Task prompt – Omitting all images, transcribe the listing word for word.
Segment Start: Given material
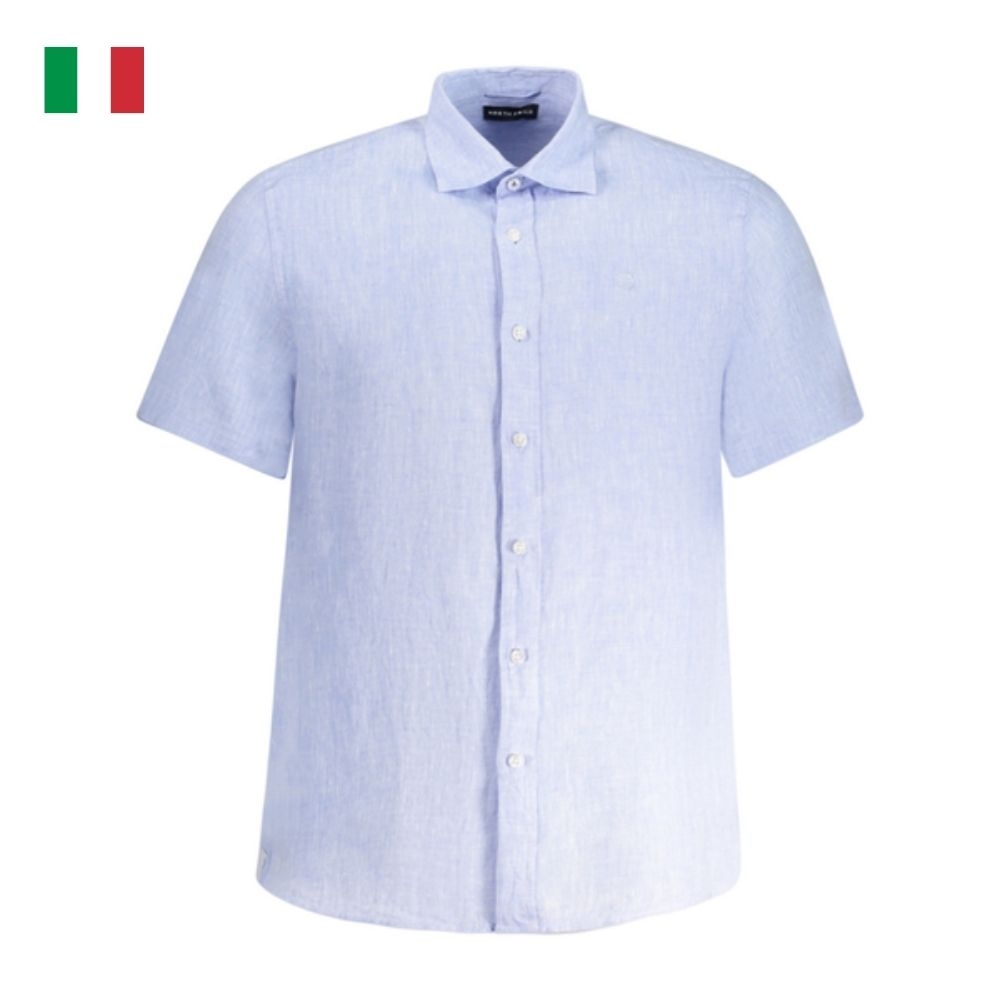 - ÁO SƠ MI TAY NGẮN, CỔ ÁO Ý, KHUY, THÊU, LOGO
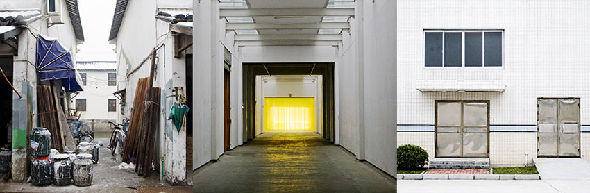But I was not sure which of the three images that compose this this triptych was the problem. So I started moving all the triptych’s around looking at the groupings, in this case the Hutong and Industrial groups. When I put these in proximity, two pairings jumped out at me. Both had something wrong, but in the same place. Thus it became a case of mechanical switching one image from each triptych to give both the emotional content I had found lacking.
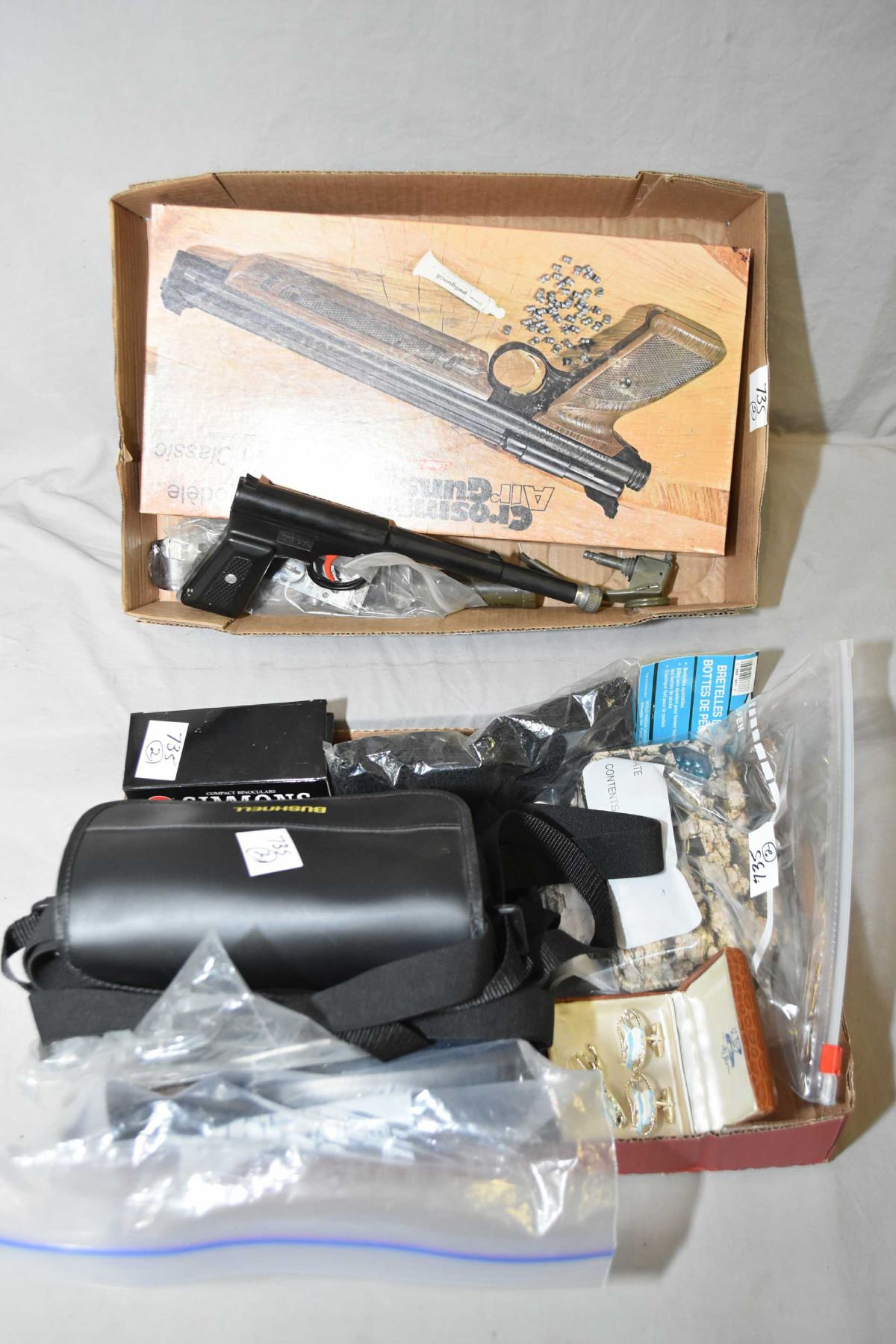 Lot of Two Trays; Crosman Model 1377 Pellet Pistol - Unknown Pellet Pistol [ NO PAL REQ ] - Unknown sight in bag - part of grenade handle - Bushnell binoculars in case - Small Simmons Binoculars in box - Trail Cam - Cased Set of Vintage Cufflinks & Tie Clip with Sail Fish Design [ cool ]
Segment End: Given material
Solved problem –
 - ÁO SƠ MI TAY NGẮN, CỔ ÁO Ý, KHUY, THÊU, LOGO
But I was not sure which of the three images that compose this this triptych was the problem. So I started moving all the triptych’s around looking at the groupings, in this case the Hutong and Industrial groups. When I put these in proximity, two pairings jumped out at me. Both had something wrong, but in the same place. Thus it became a case of mechanical switching one image from each triptych to give both the emotional content I had found lacking.
 Lot of Two Trays; Crosman Model 1377 Pellet Pistol - Unknown Pellet Pistol [ NO PAL REQ ] - Unknown sight in bag - part of grenade handle - Bushnell binoculars in case - Small Simmons Binoculars in box - Trail Cam - Cased Set of Vintage Cufflinks & Tie Clip with Sail Fish Design [ cool ]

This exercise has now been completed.